悪女ロベリアの矜持 ~欲にまみれた王族の皆様。〝ただの側室〟に翻弄される気分はいかがですか?~
 「他の女官と仲良くする必要なんてある?」

 女が煩わしそうに顔を顰める。案内役の女官は困ったように眉尻を下げて、言いづらそうに口を開いた。

 「それは……その、後宮で快適に過ごすためには、ある程度必要かと」
 「そうしないといじめられる、とか?」

 揶揄するような言い方で室内の女官たちを見回し、最後にわたくしで視線を止めた。
 女は立ったまま、対するわたくしはソファにゆったり腰掛けていて、自然と見下ろす形になる。

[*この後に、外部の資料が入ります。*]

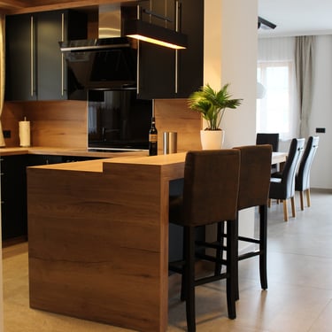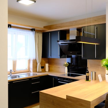 Stilvolle und große Wohneinheit mit voll eingerichteter Küche, zwei separaten Schlafzimmern und großer Sonnenterrasse.

 目が合うと女は微笑んだが、とても友好的なものには見えない。

 「い、いえ、そのようなことは……」

 下級女官が焦ったように否定する。
 なぜそんなにもへりくだっているのか。万年下級とはいえ、在籍歴も年齢もその女より圧倒的に上だというのに。
 
 「本当に? この人とか、すっごく偉そうだけど」

 わたくしを指差して女が言う。

 「ちょっ、しっ、失礼ですよ!」
 
歯に衣着せぬ物言いに、下級女官が泡を食って止めに入った。

 「ちょっとあなたっ」
 「よろしくてよ」

 短気な取り巻きの一人が、言い返そうとするのを静かに制す。

 「偉そうなのではなく、偉いのです」

 にっこり微笑んで無礼な新入りに返す。
 この余裕の態度が気に食わなかったのか、新入りが鼻白んだように片眉を上げた。
 礼儀を知らぬ小娘が、何を吠えようとわたくしの立場が危うくなることなどない。身の程を弁えさせるには、最初が肝心だ。